Für Schratzenstaller bieten die Brexit-Diskussionen nun eine einmalige Chance, den EU-Haushalt zu überdenken und neu zu definieren. In ihrem Aufsatz plädiert sie für eine grundlegende Umstrukturierung der EU-Ausgaben im Hinblick auf ein «sozial inklusives und ökologisches Wachstum für die EU». Das würde zum einen die Akzeptanz der EU erhöhen und ihr zum anderen ökonomischen und ökologischen Auftrieb geben.

Vier Vorschläge für einen besseren EU-Haushalt

Um diesen Mehrwert zu erzielen, schlägt die Wissenschaftlerin folgende Umschichtungen im EU-Budget vor:

  • Reduktion der gesamten Agrarausgaben sowie Ökologisierung der Direktzahlung an die Bauern;
  • Verschiebung der Kohäsionsmilliarden (Strukturpolitik) von «reicheren» zu «ärmeren» Mitgliedstaaten und stärkere Koppelung an Klima- und Beschäftigungsziele sowie an eine pro-aktive Migrations- und Integrationspolitik;
  • Erhöhung der Ausgaben für Forschung mit Schwerpunkt auf ökologische und soziale Aspekte;
  • Erhöhung der Ausgaben für nachhaltigkeitsorientierte Infrastruktur mit Fokus auf transeuropäische Netze (vor allem Eisenbahninfrastruktur).


Wer verzichtet freiwillig auf Geld und Macht?

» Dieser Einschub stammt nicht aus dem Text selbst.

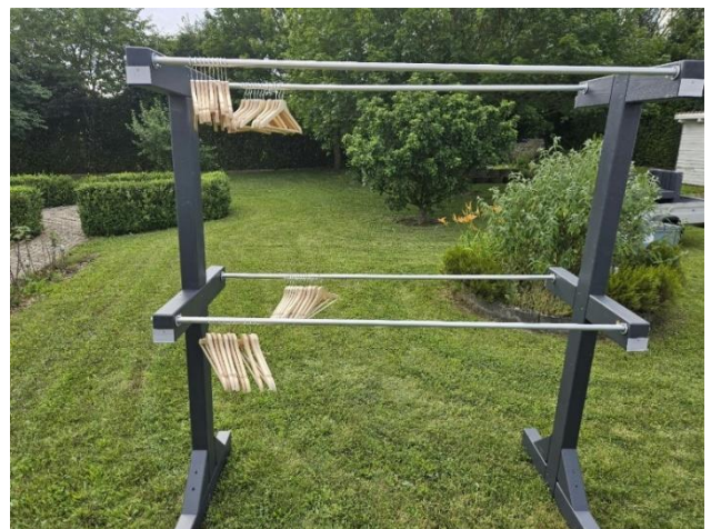
Abb. 2: mobile Garderobe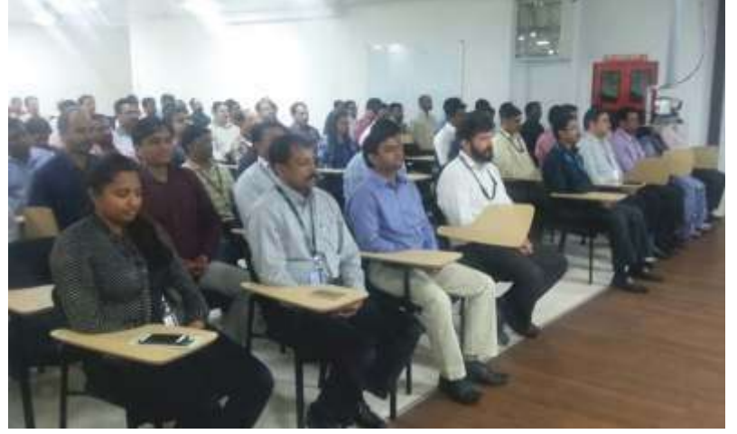
ಬೆಂಗಳೂರಿನ IBM ಕಂಪನಿಯ ಉದ್ಯೋಗಿಗಳು ಡಿಸೆಂಬರ್ 13, 2017 ರಂದು ಬೆಳಕನ್ನು ಚಾನಲ್ ಮಾಡುತ್ತಿರುವುದು

ಲಕ್ಷಾಂತರ ಜನರು ನಿಯತವಾದ ಲೈಟ್ ಚಾನಲಿಂಗ್ ಅಭ್ಯಾಸದಿಂದ ಪ್ರಯೋಜನಗಳನ್ನು ಪಡೆದಿದ್ದಾರೆ. ಅನೇಕರು ಸೋಜಿಗವೆನಿಸುವಂತಹ ಸಹಾಯವನ್ನು ಹಾಗೂ ಅದ್ಭುತವಾದ ಅನುಭವಗಳನ್ನು ಪಡೆದಿದ್ದಾರೆ. ನಿಮ್ಮ ಅನುಭವಗಳು ಇತರರಿಗೆ ಸ್ಪೂರ್ತಿ ನೀಡಬಹುದು ಹಾಗೂ ಮಾರ್ಗದರ್ಶನ ಕೂಡ ಮಾಡಬಹುದು. ದಯವಿಟ್ಟು ನಿಮ್ಮ ಅನುಭವಗಳನ್ನು ನಮ್ಮ ಜೊತೆ ಹಂಚಿಕೊಳ್ಳಿ. ನಮ್ಮ ಇ-ಮೇಲ್ info@lightagemasters.com ಗೆ ಬರೆಯಿರಿ.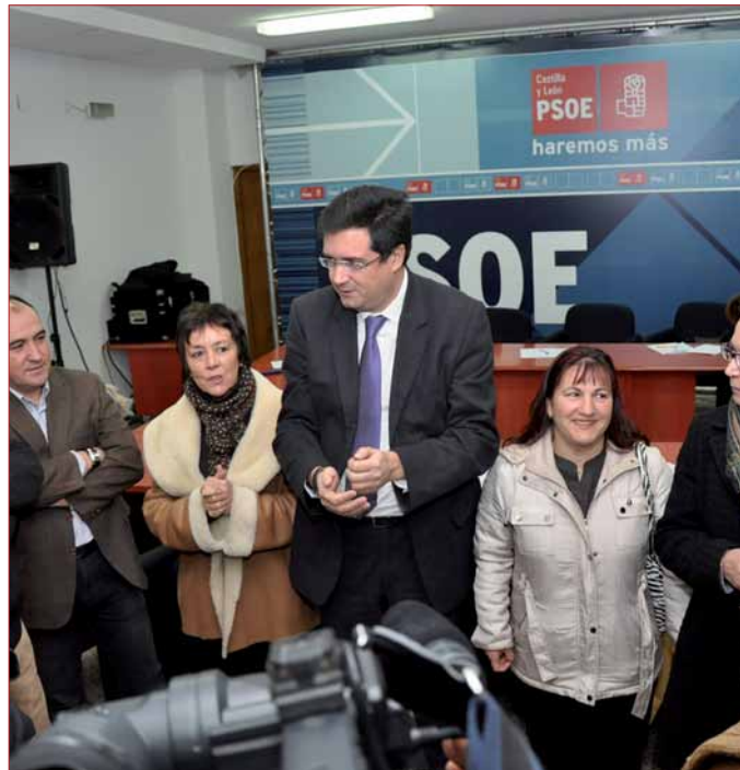
El Secretario General del PSCyL. Óscar López en un momento de la reunión.

Después López reiteró el "fraude electoral masivo" que supone para los ciudadanos los recortes puestos en marcha en Castilla y León, puesto que no solo no anunciaron estas medidas en el programa electoral sino que ni siquiera dijeron nada en sus discursos de investidura. "Son medidas que van en contra de los ciudadanos porque menoscaban la calidad de los servicios públicos y no ayudan a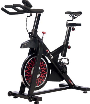
MS2000 RODA DE INÉRCIA: ATÉ 16 KG PESO MÁX SUPORTADO: 120 KG DIMENSÕES: 123x51x119 CM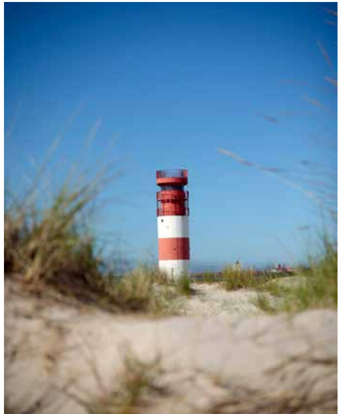
Von oben im Uhrzeigersinn: Hafen im Unterland, Düne mit Leuchtturm, Hummerfischer Detlev Nitze, Schafe auf dem Oberland.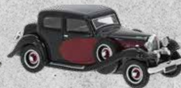
Bugatti Typ 57 Galibier, 1934 Nr. BoS87836 24.95 € ▲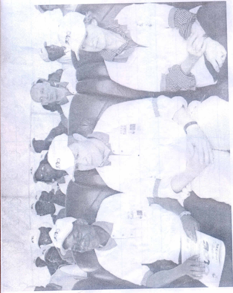
Vue partielle des officiels au lancement de la journée...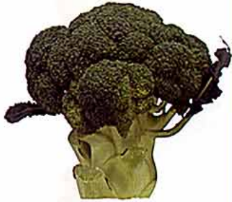
【アブラナ科 broccoli (英) /地中海東部原産】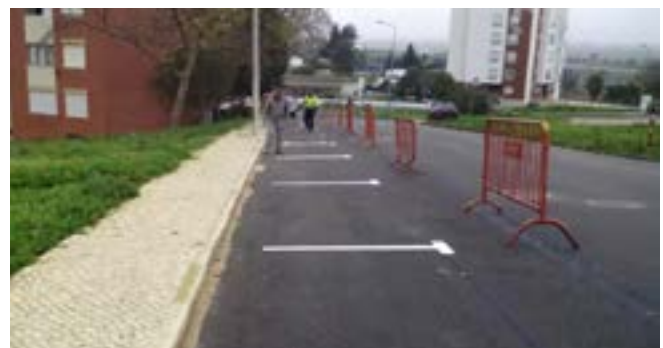
Pintura de lugares de estacionamento na Rua Júlia Van Zeller Pereira Palha (Povos)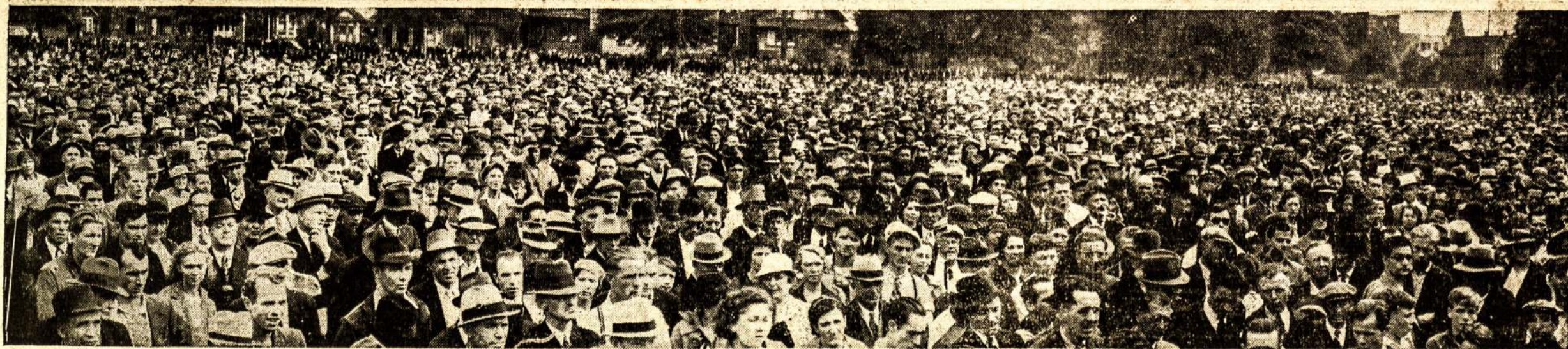
Dalis masinio protesto mitingo Vancouver mieste, kuriame dalyvavo 15,000 žmonių, kad išreikšti protestą prieš politijos brutalumą išmetant bedarbius iš pašto namo, nes daug bedarbių buvo sunkiai sužeisti.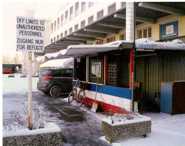
Der Zugang zum Museum auf dem Gelände der ehemaligen McNair-Barracks.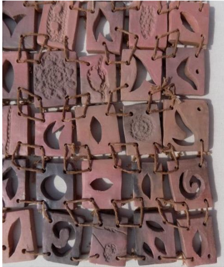
Detalle de manta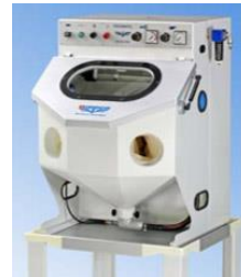
iepcO PEENMATIC 550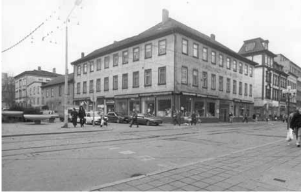
1991 Bahnhofstraße / Ecke Gartenstraße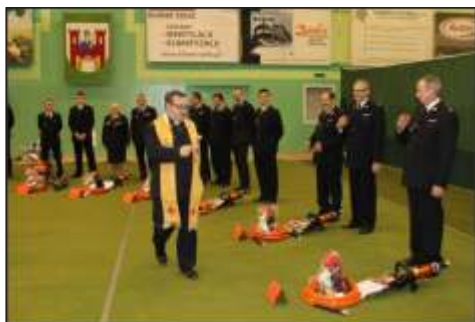
wi cenie nowych rozpieraczy

Pomorskiego udało nam si w tym roku wzbogadzi o ratowniczy rozpieracz kolumnowy. Rozpieracz otrzymali mi dzi ki pozyskanemu przez OSP Lisewo dofinansowaniu z Oddziału Wojewódzkiego ZOSP RP, które wyniosło 11.197,44 zł (80%) oraz wkładowi własnemu OSP Lisewo tj. dotacji z Gminy Lisewo w wysoko ci 2.799,36 zł (20%). Całe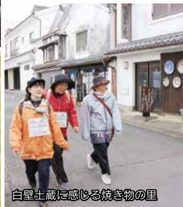
白壁土蔵に感じる焼き物の里

市内のさまざまな名所を歩いて巡る『伊万里ウオーク 2018』がありました。市内外から合わせて516人が参加。伊万里湾岸・大川内山・市街地を巡る3つのコースに分かれ、思い思いに観光名所や晩秋の風景などを楽しみました。ゴール後には温かいだご汁がふるまわれたほか、伊万里牛などの特産品が当たる抽選会なども行われました。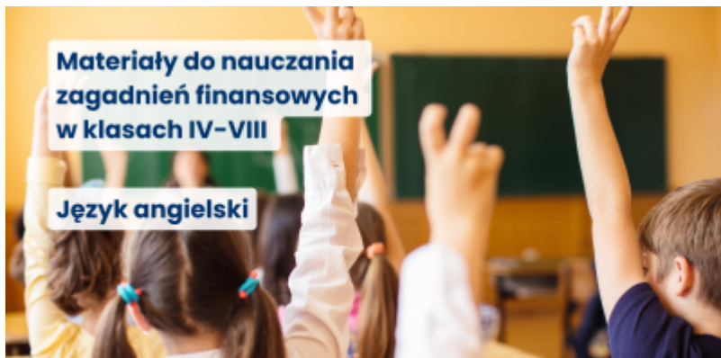
Materiały do nauczania zagadnień finansowych w klasach IV-VIII język angielski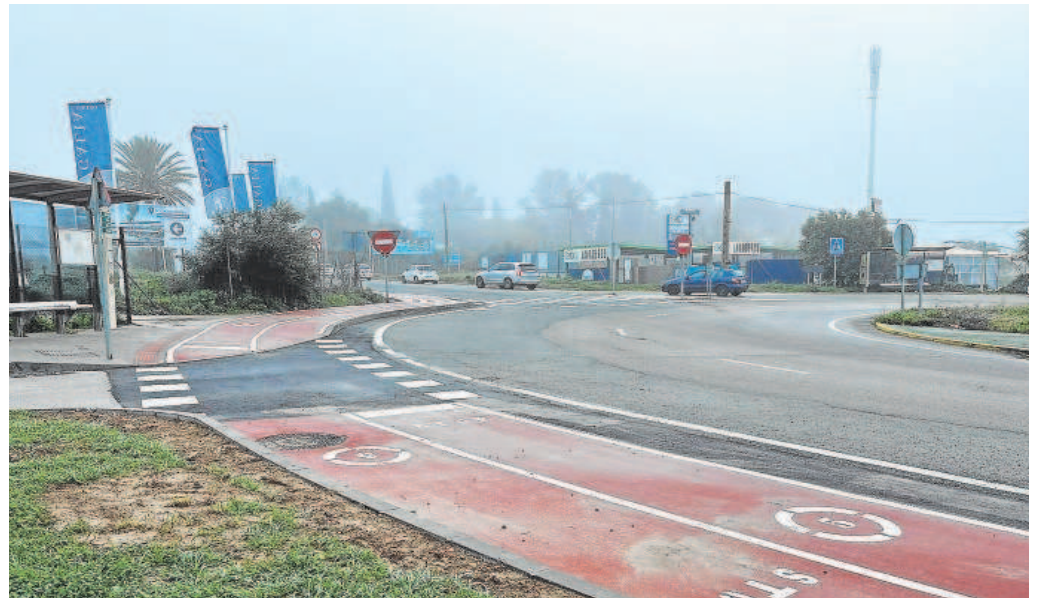
El carril bici que conecta con Gines desde la urbanización Alquería de Almanzor // J. M. R.

Una vez se ponga en marcha este enlace, cuyas obras están adjudicadas por el Ministerio de Transportes por 2,6 millones, el tráfico se hará mucho más fluido. La luz se ve ya al final del túnel.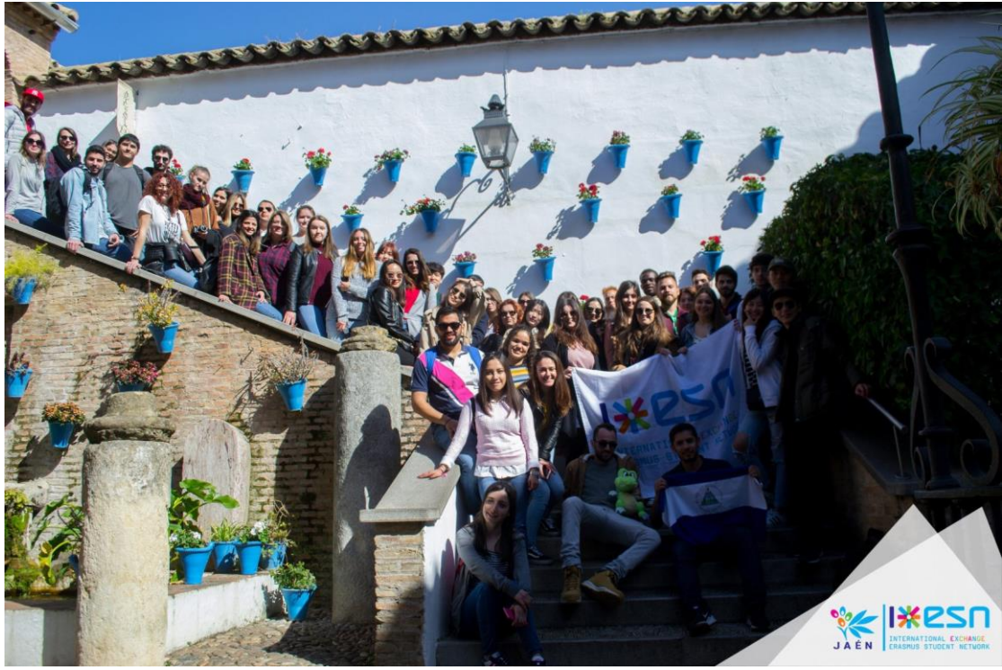
參加 ESN 哥多華的一日旅遊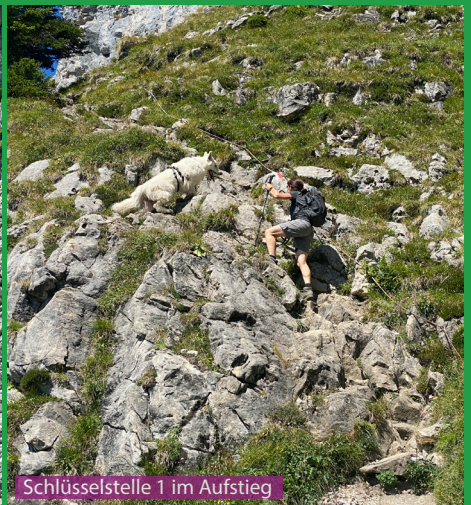
Schlüsselstelle 1 im Aufstieg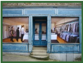
6 Rue St Julien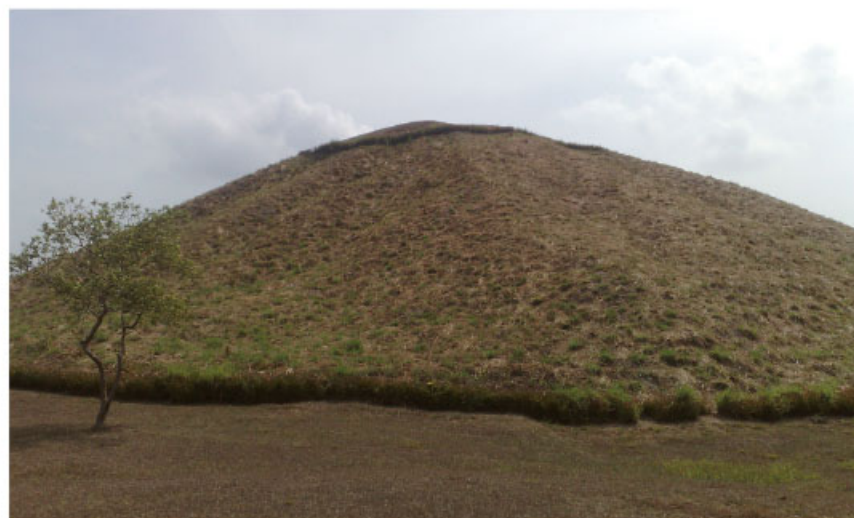
Pirámide de La Venta, Tabasco.

Entra al portal Primaria TIC: < http://basica.primariatic.sep.gob.mx >. En la pestaña Busca, escribe Olmecas: arte u Olmecas: territorio .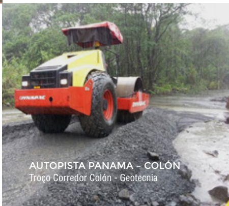
AUTOPISTA PANAMA - COLÓN Troço Corredor Colón - Geotecnia

Túneis, poços, estações subterrâneas, contenções e fundações especiais. No âmbito da Geologia-geotecnia tem capacidade para elaborar estudos de Geotermia de Baixa Entalpia para climatização de edifícios.

Wie realistisch ist diese Vision vor dem Hintergrund der grossen langfristigen Herausforderungen Europas: ökonomisches Ungleichgewicht zwischen südlichen und nördlichen Ländern, historisch hohe (Jugend-)Arbeitslosigkeit, steigende Einkommens- und Vermögensungleichheit, wachsendes Armutsrisiko, Klimawandel, anhaltende Flüchtlingsströme… Die Brexit-Verhandlungen wären in der Tat eine Chance, den EU-Haushalt und dessen Schwerpunkte neu zu definieren. Doch sei die Prognose gewagt, dass erstens die Bauern-Lobby auch in Europa derart stark ist, dass sie alles daran setzen wird, um weiterhin in den Genuss der Subventionen zu kommen. Und zweitens ist es wesentlich einfacher über Reformen zu sprechen, als diese durchzuführen. Das wird auch der neue französische Staatspräsident Macron bald erfahren. Denn niemand verzichtet freiwillig auf Geld und Macht.